-- Opening Marker --
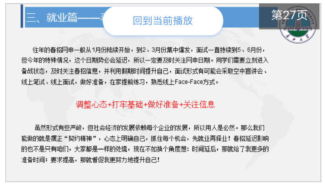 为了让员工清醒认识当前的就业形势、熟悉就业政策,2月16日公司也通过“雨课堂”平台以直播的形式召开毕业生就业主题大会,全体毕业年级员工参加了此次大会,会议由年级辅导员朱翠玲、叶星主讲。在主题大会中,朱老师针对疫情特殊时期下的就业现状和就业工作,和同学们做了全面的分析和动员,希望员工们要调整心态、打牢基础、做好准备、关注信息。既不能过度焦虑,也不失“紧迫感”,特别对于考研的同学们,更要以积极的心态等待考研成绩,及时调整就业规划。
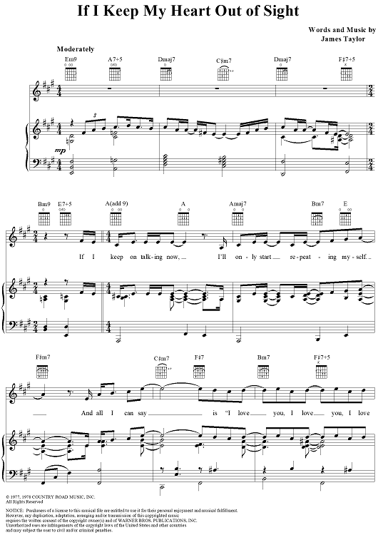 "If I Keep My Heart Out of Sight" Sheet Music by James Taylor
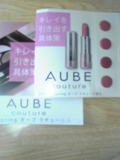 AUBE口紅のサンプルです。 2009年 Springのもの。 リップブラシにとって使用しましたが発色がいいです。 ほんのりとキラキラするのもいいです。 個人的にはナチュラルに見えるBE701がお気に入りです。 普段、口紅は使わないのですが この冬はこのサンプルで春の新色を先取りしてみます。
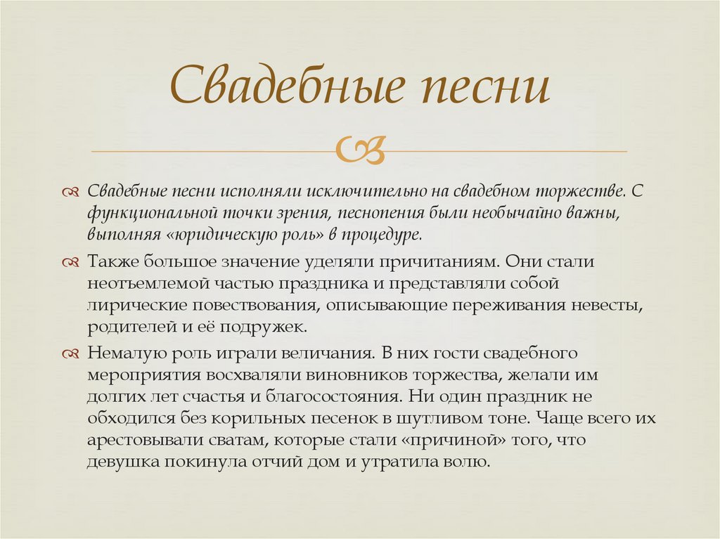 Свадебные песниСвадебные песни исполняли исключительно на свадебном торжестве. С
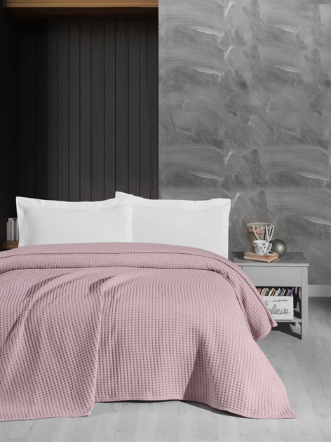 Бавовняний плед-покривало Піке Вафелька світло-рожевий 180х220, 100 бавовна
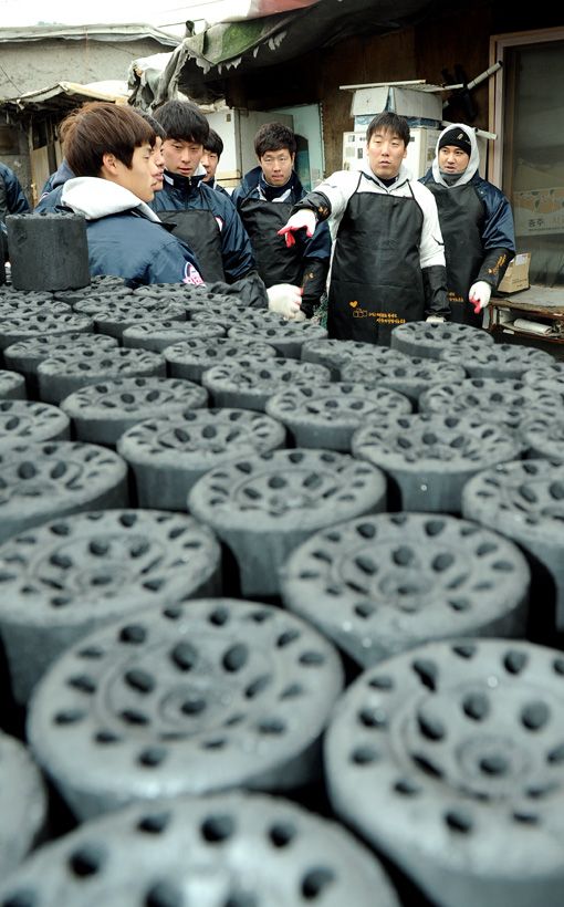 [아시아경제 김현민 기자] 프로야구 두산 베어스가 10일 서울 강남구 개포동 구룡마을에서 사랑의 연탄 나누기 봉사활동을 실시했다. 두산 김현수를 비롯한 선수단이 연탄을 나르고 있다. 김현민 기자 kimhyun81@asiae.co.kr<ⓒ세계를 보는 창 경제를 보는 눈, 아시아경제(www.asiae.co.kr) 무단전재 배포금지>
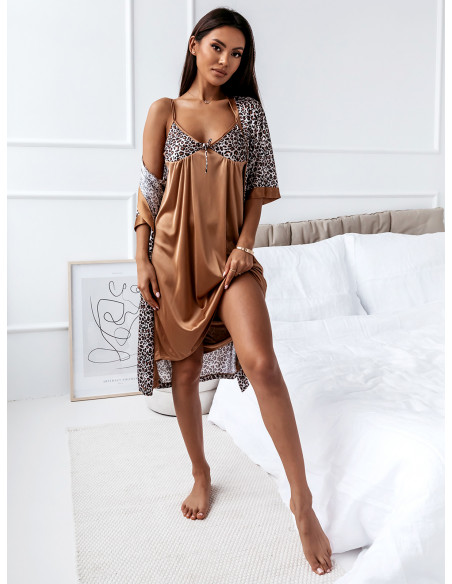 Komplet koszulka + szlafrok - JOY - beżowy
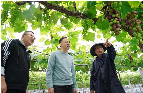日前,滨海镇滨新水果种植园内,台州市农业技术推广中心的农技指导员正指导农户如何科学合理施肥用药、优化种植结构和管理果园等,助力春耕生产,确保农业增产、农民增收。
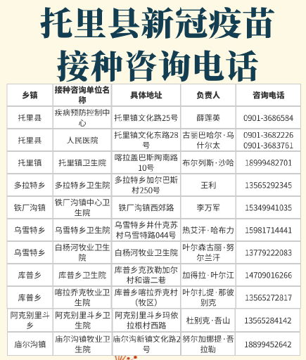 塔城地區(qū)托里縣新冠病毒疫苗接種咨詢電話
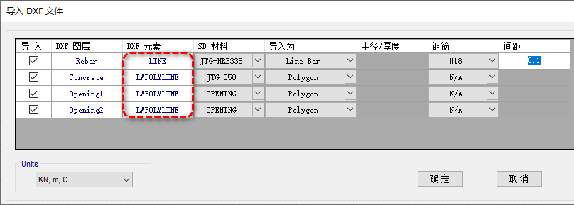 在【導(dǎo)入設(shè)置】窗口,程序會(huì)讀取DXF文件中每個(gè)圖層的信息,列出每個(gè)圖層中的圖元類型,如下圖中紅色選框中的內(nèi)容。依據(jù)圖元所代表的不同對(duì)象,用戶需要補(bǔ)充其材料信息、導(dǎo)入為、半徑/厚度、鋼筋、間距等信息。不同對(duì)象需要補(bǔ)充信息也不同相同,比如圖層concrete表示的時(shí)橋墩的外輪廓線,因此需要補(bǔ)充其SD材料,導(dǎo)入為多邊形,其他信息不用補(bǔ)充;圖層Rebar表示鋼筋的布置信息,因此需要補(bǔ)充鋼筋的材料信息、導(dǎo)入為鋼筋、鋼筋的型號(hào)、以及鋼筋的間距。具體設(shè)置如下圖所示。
-- Closing Marker --
Take the line that contains "[아시아경제 김현민 기자]" as the first and the last line of the records as the end, and please quote those lines exactly, pictures omitted.

 [아시아경제 김현민 기자] 프로야구 두산 베어스가 10일 서울 강남구 개포동 구룡마을에서 사랑의 연탄 나누기 봉사활동을 실시했다. 두산 김현수를 비롯한 선수단이 연탄을 나르고 있다. 김현민 기자 kimhyun81@asiae.co.kr<ⓒ세계를 보는 창 경제를 보는 눈, 아시아경제(www.asiae.co.kr) 무단전재 배포금지>
 Komplet koszulka + szlafrok - JOY - beżowy
日前,滨海镇滨新水果种植园内,台州市农业技术推广中心的农技指导员正指导农户如何科学合理施肥用药、优化种植结构和管理果园等,助力春耕生产,确保农业增产、农民增收。
 塔城地區(qū)托里縣新冠病毒疫苗接種咨詢電話
 在【導(dǎo)入設(shè)置】窗口,程序會(huì)讀取DXF文件中每個(gè)圖層的信息,列出每個(gè)圖層中的圖元類型,如下圖中紅色選框中的內(nèi)容。依據(jù)圖元所代表的不同對(duì)象,用戶需要補(bǔ)充其材料信息、導(dǎo)入為、半徑/厚度、鋼筋、間距等信息。不同對(duì)象需要補(bǔ)充信息也不同相同,比如圖層concrete表示的時(shí)橋墩的外輪廓線,因此需要補(bǔ)充其SD材料,導(dǎo)入為多邊形,其他信息不用補(bǔ)充;圖層Rebar表示鋼筋的布置信息,因此需要補(bǔ)充鋼筋的材料信息、導(dǎo)入為鋼筋、鋼筋的型號(hào)、以及鋼筋的間距。具體設(shè)置如下圖所示。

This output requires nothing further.